(Dataset records)
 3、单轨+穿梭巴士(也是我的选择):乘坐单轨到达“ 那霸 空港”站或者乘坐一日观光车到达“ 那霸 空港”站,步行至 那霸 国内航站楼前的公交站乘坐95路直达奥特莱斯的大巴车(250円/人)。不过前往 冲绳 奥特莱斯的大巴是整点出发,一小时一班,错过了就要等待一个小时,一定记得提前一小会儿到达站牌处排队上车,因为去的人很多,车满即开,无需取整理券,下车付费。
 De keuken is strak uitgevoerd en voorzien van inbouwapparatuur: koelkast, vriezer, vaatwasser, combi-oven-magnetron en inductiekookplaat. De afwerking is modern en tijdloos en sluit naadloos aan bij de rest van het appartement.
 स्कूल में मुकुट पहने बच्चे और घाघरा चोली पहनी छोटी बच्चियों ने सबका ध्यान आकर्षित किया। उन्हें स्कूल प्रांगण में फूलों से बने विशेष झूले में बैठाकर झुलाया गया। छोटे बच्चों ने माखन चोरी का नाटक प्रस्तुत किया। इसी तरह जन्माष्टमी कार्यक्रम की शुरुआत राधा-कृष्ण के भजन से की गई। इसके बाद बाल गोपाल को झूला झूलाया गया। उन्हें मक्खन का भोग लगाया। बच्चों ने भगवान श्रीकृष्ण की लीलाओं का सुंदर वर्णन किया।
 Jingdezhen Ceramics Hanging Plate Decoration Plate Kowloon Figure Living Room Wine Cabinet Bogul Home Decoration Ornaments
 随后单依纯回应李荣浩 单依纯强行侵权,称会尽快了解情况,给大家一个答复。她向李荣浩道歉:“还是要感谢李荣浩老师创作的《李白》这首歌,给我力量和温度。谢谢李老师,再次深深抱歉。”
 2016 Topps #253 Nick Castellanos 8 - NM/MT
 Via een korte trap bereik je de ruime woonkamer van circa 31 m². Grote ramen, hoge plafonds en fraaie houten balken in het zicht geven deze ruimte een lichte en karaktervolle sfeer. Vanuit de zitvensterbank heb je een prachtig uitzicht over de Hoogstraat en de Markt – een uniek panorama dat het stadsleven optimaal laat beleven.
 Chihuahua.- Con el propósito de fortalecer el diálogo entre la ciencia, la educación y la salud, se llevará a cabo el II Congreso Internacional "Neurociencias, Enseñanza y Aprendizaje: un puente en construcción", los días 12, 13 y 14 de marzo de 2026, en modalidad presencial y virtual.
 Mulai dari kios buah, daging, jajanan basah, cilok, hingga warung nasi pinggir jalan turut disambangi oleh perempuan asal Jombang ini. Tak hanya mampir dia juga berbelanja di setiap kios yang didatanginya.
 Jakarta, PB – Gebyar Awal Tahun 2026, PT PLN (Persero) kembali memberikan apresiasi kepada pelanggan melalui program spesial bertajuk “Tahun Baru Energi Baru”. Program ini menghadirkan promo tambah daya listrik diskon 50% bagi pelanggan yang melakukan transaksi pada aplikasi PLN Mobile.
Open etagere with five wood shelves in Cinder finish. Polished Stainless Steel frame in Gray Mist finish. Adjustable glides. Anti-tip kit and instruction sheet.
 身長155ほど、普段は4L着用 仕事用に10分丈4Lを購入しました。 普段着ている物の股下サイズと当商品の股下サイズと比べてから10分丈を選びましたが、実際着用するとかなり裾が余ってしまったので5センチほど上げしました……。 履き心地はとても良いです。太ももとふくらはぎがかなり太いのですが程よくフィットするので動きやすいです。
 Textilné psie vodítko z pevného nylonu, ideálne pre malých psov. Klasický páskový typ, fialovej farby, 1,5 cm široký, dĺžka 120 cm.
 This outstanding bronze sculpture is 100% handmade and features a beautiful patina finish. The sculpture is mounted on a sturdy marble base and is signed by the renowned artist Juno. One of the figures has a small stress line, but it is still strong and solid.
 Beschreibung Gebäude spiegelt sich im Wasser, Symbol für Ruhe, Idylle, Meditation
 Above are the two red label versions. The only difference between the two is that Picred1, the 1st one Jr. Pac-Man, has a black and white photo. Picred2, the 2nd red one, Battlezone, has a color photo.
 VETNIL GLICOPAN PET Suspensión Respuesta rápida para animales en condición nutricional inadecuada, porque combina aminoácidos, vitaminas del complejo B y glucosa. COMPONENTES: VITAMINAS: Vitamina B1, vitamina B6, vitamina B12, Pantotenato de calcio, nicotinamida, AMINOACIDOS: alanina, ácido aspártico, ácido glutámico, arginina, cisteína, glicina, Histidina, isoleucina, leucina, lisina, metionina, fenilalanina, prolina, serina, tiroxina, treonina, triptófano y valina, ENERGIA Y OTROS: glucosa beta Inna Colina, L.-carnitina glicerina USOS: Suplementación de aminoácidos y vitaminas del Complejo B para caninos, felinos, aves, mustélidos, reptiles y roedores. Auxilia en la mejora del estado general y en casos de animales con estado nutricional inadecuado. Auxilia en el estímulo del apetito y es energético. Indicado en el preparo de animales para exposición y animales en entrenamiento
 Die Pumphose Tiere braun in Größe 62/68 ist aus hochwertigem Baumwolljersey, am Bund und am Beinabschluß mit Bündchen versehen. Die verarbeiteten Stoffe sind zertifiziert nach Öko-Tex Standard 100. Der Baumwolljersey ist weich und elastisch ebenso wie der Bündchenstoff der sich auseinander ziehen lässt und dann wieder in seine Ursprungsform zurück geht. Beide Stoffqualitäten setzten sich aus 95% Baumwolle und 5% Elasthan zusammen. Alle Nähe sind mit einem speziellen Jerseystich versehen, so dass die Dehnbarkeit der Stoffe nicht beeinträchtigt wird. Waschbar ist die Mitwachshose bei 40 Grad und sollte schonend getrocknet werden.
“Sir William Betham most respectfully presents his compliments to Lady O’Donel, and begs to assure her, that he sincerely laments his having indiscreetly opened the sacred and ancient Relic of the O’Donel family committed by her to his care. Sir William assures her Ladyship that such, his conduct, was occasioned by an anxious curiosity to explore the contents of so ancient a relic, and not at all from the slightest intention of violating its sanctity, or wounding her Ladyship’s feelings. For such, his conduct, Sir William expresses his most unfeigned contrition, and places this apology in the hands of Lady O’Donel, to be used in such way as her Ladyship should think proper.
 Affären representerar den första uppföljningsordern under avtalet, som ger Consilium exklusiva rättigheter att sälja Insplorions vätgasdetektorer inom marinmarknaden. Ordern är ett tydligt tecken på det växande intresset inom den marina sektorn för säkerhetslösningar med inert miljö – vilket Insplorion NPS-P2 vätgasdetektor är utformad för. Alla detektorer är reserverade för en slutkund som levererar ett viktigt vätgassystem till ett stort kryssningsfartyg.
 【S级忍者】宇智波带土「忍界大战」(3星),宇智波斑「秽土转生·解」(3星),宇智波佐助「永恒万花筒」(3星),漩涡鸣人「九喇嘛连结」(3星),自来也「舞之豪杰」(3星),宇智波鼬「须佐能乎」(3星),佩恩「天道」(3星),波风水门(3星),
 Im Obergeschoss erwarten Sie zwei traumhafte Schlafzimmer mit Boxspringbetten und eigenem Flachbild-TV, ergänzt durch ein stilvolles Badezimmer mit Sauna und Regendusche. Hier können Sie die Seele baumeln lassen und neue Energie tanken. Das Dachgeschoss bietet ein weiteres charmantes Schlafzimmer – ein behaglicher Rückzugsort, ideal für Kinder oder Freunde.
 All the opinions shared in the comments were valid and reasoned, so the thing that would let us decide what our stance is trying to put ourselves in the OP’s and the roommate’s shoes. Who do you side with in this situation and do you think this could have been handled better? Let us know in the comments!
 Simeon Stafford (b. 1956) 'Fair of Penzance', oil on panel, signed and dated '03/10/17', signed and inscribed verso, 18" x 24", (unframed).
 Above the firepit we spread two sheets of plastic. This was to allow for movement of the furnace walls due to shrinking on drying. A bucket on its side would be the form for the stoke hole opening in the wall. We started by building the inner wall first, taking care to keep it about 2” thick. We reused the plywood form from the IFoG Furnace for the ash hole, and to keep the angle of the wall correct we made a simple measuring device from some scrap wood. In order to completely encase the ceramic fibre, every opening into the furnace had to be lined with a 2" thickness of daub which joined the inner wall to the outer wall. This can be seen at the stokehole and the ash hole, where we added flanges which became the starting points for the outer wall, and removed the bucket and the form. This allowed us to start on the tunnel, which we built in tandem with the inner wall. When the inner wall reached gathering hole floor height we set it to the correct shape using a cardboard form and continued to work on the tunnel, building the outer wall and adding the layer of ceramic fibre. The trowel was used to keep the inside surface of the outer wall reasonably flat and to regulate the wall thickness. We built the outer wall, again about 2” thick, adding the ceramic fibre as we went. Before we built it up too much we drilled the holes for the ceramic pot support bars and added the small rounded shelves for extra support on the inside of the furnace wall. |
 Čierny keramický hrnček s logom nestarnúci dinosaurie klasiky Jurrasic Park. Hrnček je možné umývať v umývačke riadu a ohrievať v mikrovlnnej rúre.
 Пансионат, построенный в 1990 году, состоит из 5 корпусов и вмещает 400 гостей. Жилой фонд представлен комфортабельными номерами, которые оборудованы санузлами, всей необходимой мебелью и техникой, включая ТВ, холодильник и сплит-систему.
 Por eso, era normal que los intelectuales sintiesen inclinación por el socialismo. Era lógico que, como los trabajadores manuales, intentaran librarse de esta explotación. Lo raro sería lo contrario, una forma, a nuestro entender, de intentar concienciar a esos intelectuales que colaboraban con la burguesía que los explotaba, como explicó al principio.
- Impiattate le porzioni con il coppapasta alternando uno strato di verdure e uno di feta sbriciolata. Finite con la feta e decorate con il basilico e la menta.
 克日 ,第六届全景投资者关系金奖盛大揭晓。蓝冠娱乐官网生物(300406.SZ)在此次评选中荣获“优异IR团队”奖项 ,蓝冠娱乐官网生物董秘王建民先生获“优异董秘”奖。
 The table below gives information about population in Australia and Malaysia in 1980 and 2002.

▶ **Exercise**: From the records above, print exactly the lines that run from the line with "De keuken is" to the line with "2016 Topps #253 Nick Castellanos 8 - NM/MT", inclusive.

▶ **Your response**:
 De keuken is strak uitgevoerd en voorzien van inbouwapparatuur: koelkast, vriezer, vaatwasser, combi-oven-magnetron en inductiekookplaat. De afwerking is modern en tijdloos en sluit naadloos aan bij de rest van het appartement.
 स्कूल में मुकुट पहने बच्चे और घाघरा चोली पहनी छोटी बच्चियों ने सबका ध्यान आकर्षित किया। उन्हें स्कूल प्रांगण में फूलों से बने विशेष झूले में बैठाकर झुलाया गया। छोटे बच्चों ने माखन चोरी का नाटक प्रस्तुत किया। इसी तरह जन्माष्टमी कार्यक्रम की शुरुआत राधा-कृष्ण के भजन से की गई। इसके बाद बाल गोपाल को झूला झूलाया गया। उन्हें मक्खन का भोग लगाया। बच्चों ने भगवान श्रीकृष्ण की लीलाओं का सुंदर वर्णन किया।
 Jingdezhen Ceramics Hanging Plate Decoration Plate Kowloon Figure Living Room Wine Cabinet Bogul Home Decoration Ornaments
 随后单依纯回应李荣浩 单依纯强行侵权,称会尽快了解情况,给大家一个答复。她向李荣浩道歉:“还是要感谢李荣浩老师创作的《李白》这首歌,给我力量和温度。谢谢李老师,再次深深抱歉。”
 2016 Topps #253 Nick Castellanos 8 - NM/MT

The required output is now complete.